When we asked them, “How do you raise Kundalini?”  He said, “Feed people.”

From his, where he was sitting, it was all about taking care of all of us, including all of us in our open hearts. This practice of the repetition of the name is a very powerful practice and most of the saints that I met would say that, in this age, in this Kali Yuga, in these dark ages, when the light is buried very deeply within us, this practice is the best practice to do. There are many practices and really, whatever practice you do is the best practice to do. But obviously this practice must have tremendous strength and power and efficacy. And in fact, these mantras, these names are the sound form of the deity itself. This, the being is not visible in this world at this time with physical eyes, but the name is here, and the name is the form of that being, now the sound form, the vibrational form of that being. So, through the repetition of the name, gradually, but inevitably this presence within us is uncovered.

Okay.

Aiim.  Aiim is a bija mantra. There are some mantras that have no meaning at all in the conceptual mind, but they are like sticks of dynamite, so to speak, for your thought processes. So, aiim, hrim, klim, hlim, all of these mantras, theoretically, they also have some meanings, but really they are sounds that are meant to manifest the deity, the presence of that deity in your mind stream.

And  “aiim” is the bija mantra for Saraswati. Shreem is the bija mantra for Sri, Lakshmi, et cetera. So, there are many bija mantras.

Q: Why do you think Neem Karoli Baba wanted, when they saw a couple and asked if they would get like, if by doing it, the attachment is so big that difficult…

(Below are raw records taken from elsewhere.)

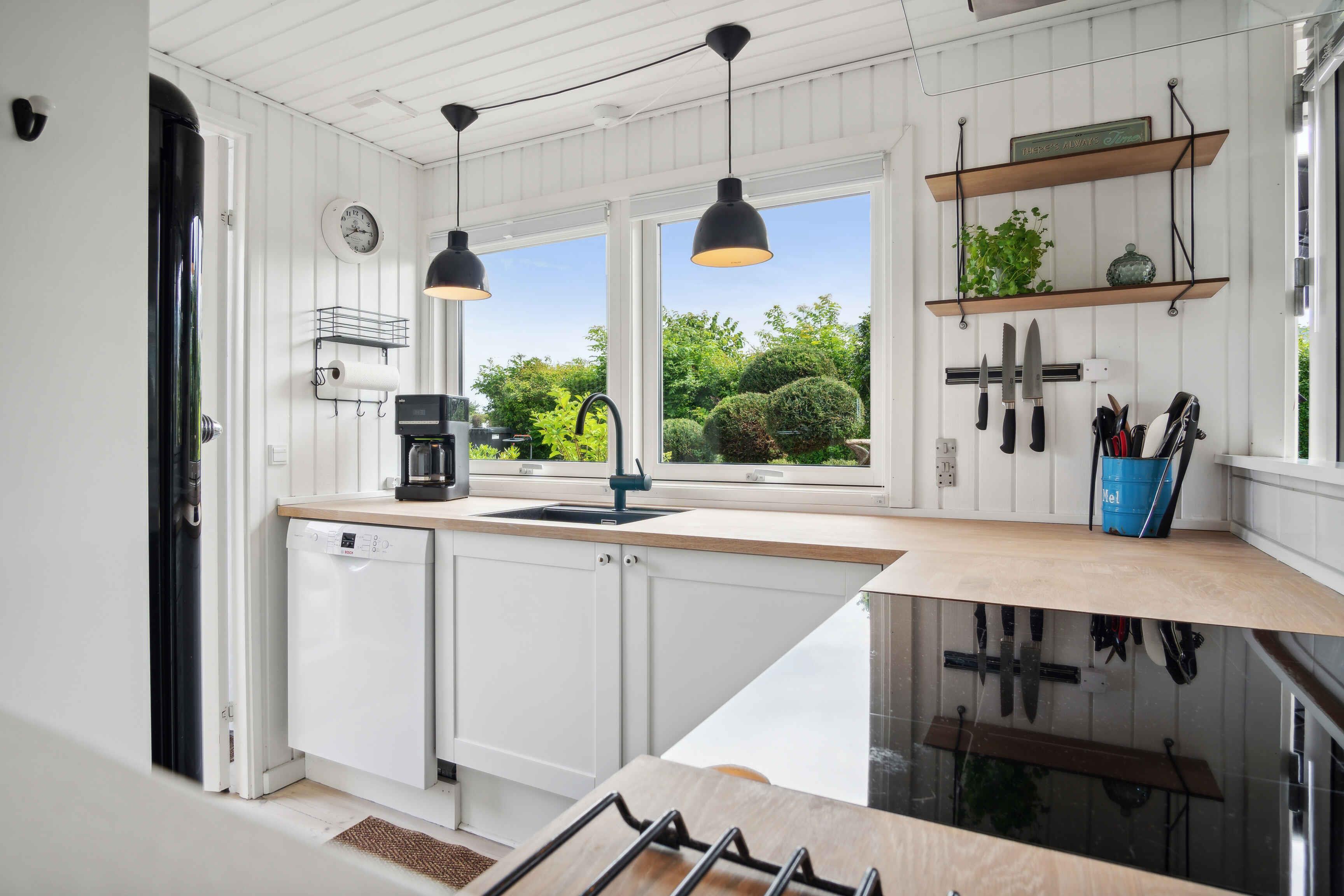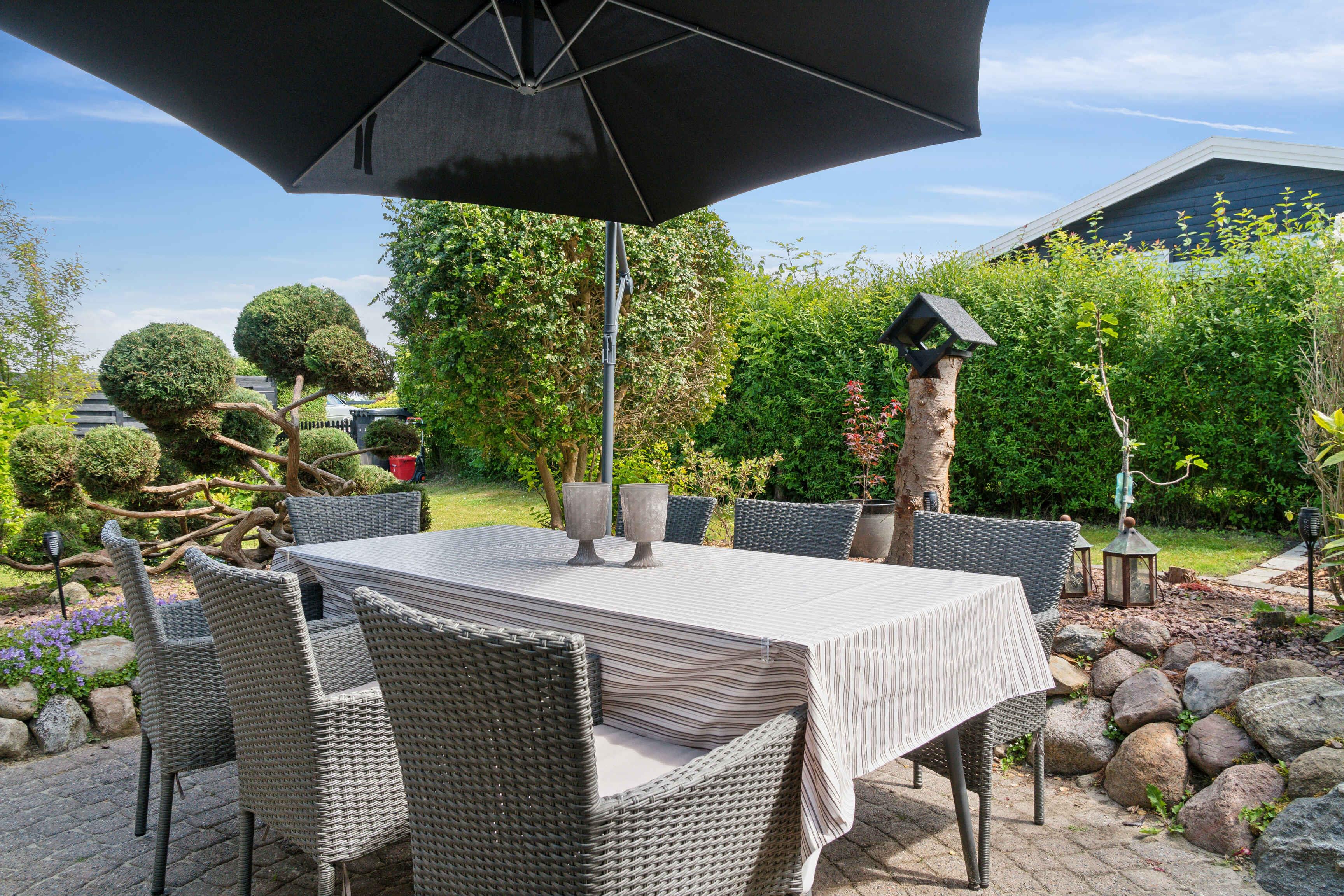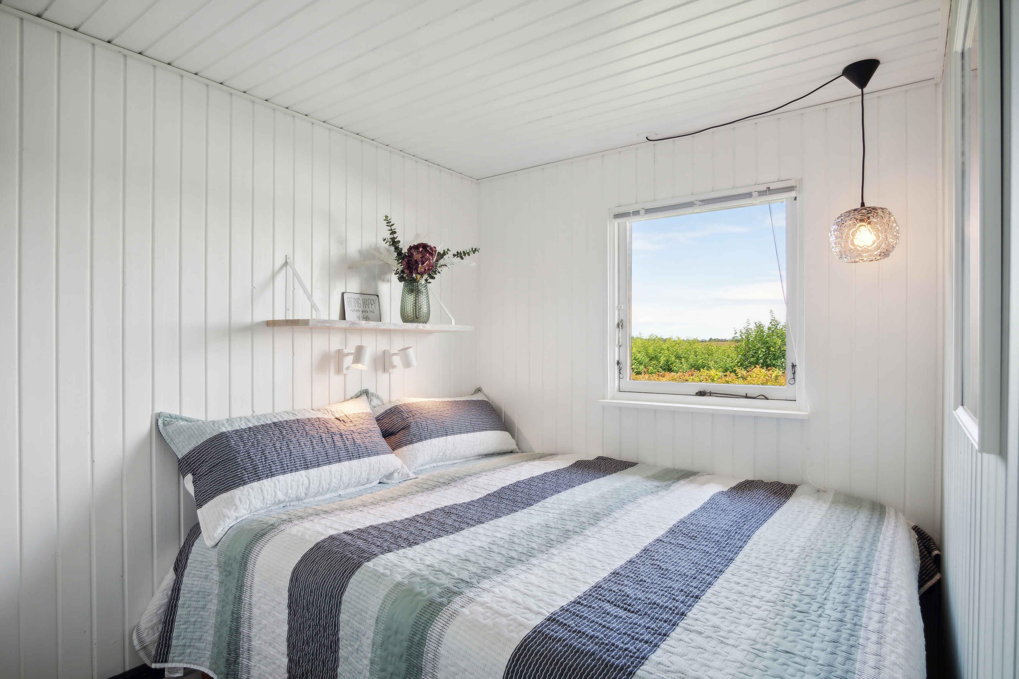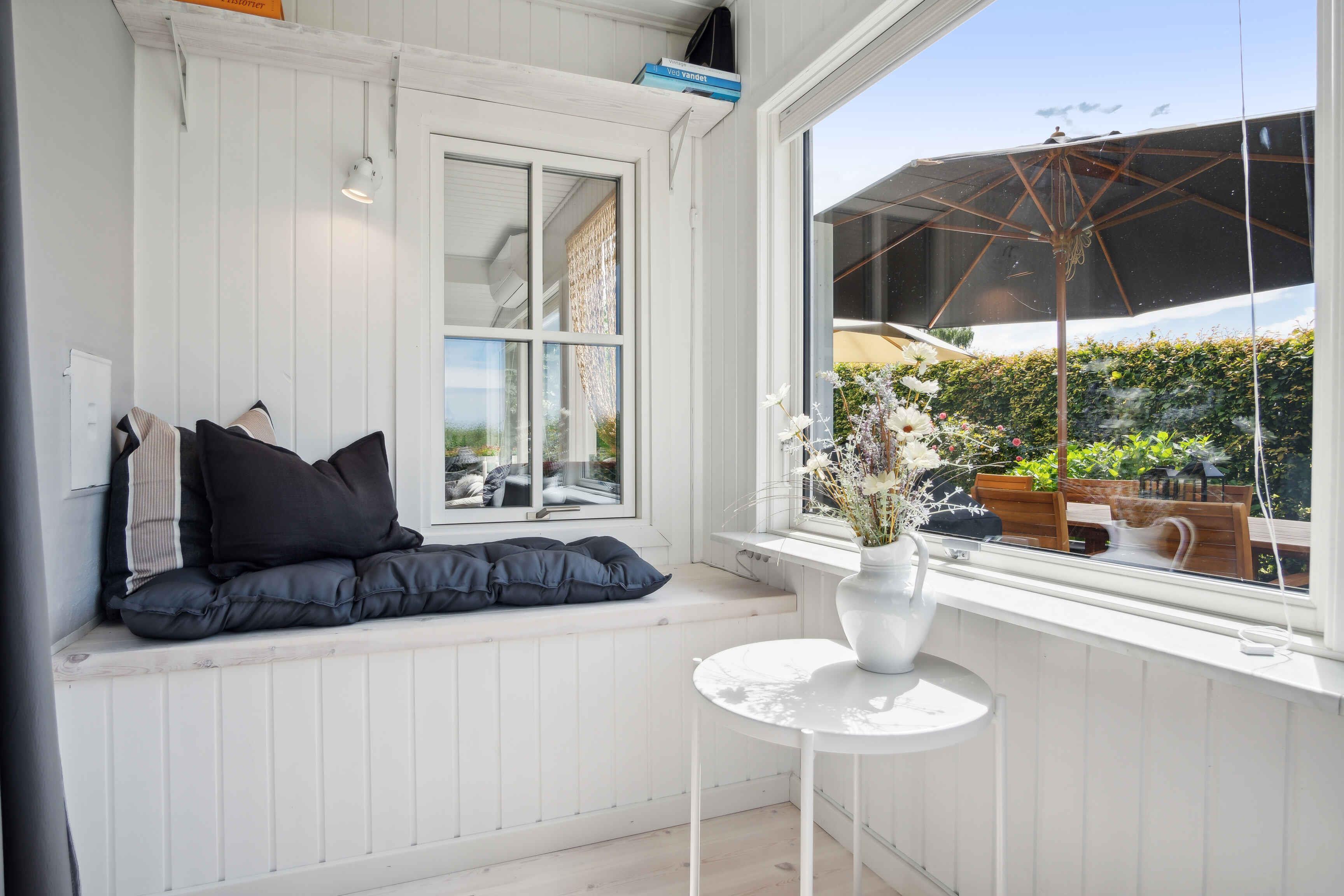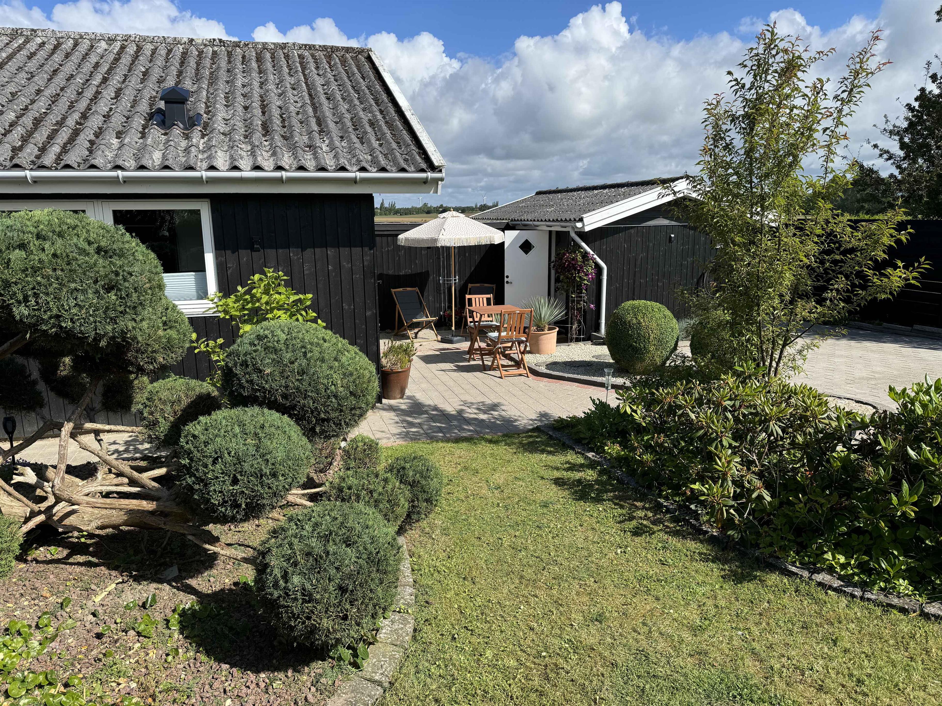 Dette charmerende sommerhus er indrettet i en lys og venlig badehotel-stil og ligger i et fredeligt område med få naboer og direkte adgang til store grønne arealer. Huset har plads til 8 personer med fire sengepladser: en dobbeltseng på 180x200 cm og tre dobbeltsenge på 160x200 cm fordelt på tre værelser i hovedhuset og et værelse i annekset, som også har eget toilet. Sommerhuset er udstyret med en praktisk vaskesøjle med varmepumpe-tørretumbler og et badeværelse med toilet og brus. I annekset findes et ekstra separat toilet. Det moderne køkken-alrum har alle nødvendige faciliteter, herunder induktionskomfur, ovn, emhætte, køle-fryseskab, mikroovn og opvaskemaskine. Stuen er udstyret med TV, pejseindsats og varmepumpe, mens de øvrige rum har nye el-radiatorer. For familier med små børn er der både weekendseng og højstol til rådighed. Desuden findes der strygejern og strygebræt, hvilket gør det nemt at holde tøjet pænt under opholdet. Sommerhuset har to dejlige terrasser med plads til 8-10 personer samt et drivhus, der om sommeren er indrettet som et hyggeligt orangeri. Der er også et ekstra stort køle-fryseskab i skuret. For dem, der har brug for at arbejde, er der indrettet en arbejdsplads med en stor ekstern skærm og fibernet, der sikrer hurtig internetforbindelse. Sommerhuset er også praktisk med el-oplader til bilen i indkørslen, som har plads til op til 3 biler indenfor hegnet. Hele grunden er indhegnet, og det er tilladt at medbringe op til to hunde. Bemærk, at der ikke må ryges indendørs, og rengøring er obligatorisk. Sommerhuset udlejes ikke til ungdomsgrupper under 25 år. Obs, udlejes ikke til erhversmæssigt brug.
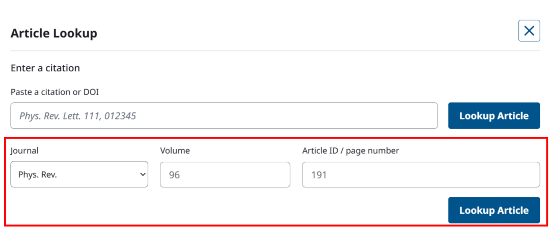 例如,在上述范例二中,已知“Phys.Rev. 96,191”信息,那么我们可以直接点击APS主页右上方点击“Article Lookup”,输入期刊名、卷号、页码,即可快速定位到目标论文。
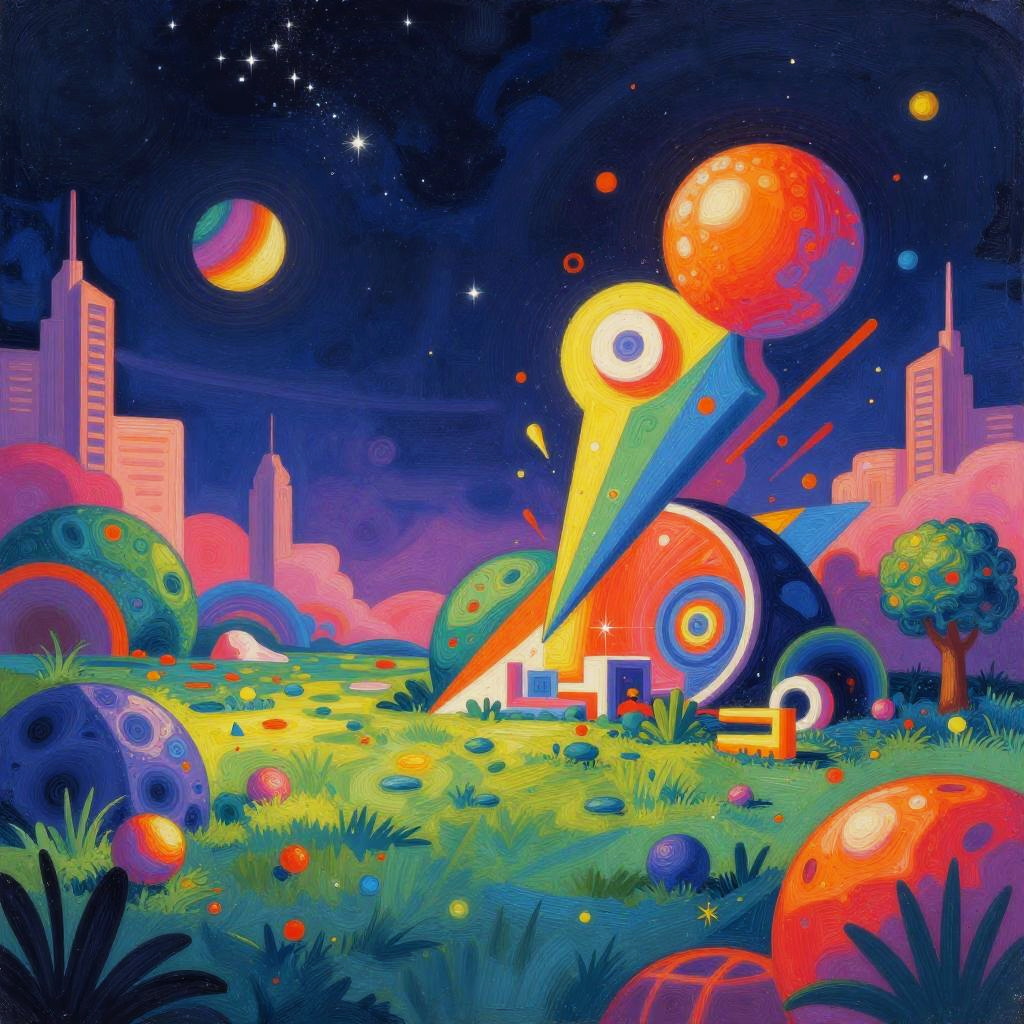 Vibrant, psychedelic digital artwork of a surreal landscape with swirling, colorful patterns, glowing flowers, winding path, and towering, abstract structures under a

No, Maharajji said that if you’re with one partner for your life, there’s no problem with, it’s no obstacle to finding God. And, you know, we would be sitting around with HIm day after day. There was a lot of love, a lot of juice, and then we would go back to town at night and I would just go to my room after dinner and go to sleep. I later found out everybody was partying. And so, we’d come to the temple and Maharajji would look at these two people and go, “Oh, you’re friends, they’re friends. Isn’t that nice? They’re friends. Oh, that’s so nice.”

A couple of days later, “Oh, you’re good friends? They’re good friends. That’s so nice. You’re good friends.”

A couple of days later, Boom. “You’re married. Go home to your parents.”

So, he honored what was going on and people getting together and falling in love. And so, he married them. I don’t know how many marriages were arranged by him at that time, so to speak. But I think there’s only two people, two or three couples left. One of them came, already together, after all these years. So, it’s interesting. But whatever karmas they had to work out together, they’re working out.

Q: Hey, I wanted to ask, I’m just 18. So, should I search for a guru for me, or should I just meditate and chant?

So, you don’t search for a guru. The guru shows up in your life in a body if that’s what’s best for you, if that’s what it’s going to take to move you on in your path, but don’t look outside of yourself for a guru. Meditate chant, do your practice and become a good human being, a compassionate human being, a kind human being, a strong human being who can help other people. Become someone who doesn’t, who overcome self-hatred, who overcomes shame, who overcomes grief, who overcomes selfishness, be that kind of a person. And then you you’ve already found your Guru because Guru, God and Self, true nature, your true self, they are not different. Those are not three things. They’re one thing. And they are who you already are in your deepest place of your heart. Which we are not aware of at this point in our incarnations. However, through practice, meditation, chanting and loving all beings and developing that kind of generosity of spirit, which overcomes fear and anger and all those things, you’ll find what you’re looking for. You don’t know what it really looks like yet. You think, “Oh, I want a Guru in a human body,” because you think you’ll recognize your Guru, but you might not, you might’ve met your Guru 20 times already, but until, and unless the Guru wants you to know who he or she is, you won’t know. And there’s no way around that. That’s the deal.

So, what are you going to do? Watch TV and eat ice cream for the rest of your life? No. Do some practice become a good person. Develop good qualities. And become a real human being, a good human being.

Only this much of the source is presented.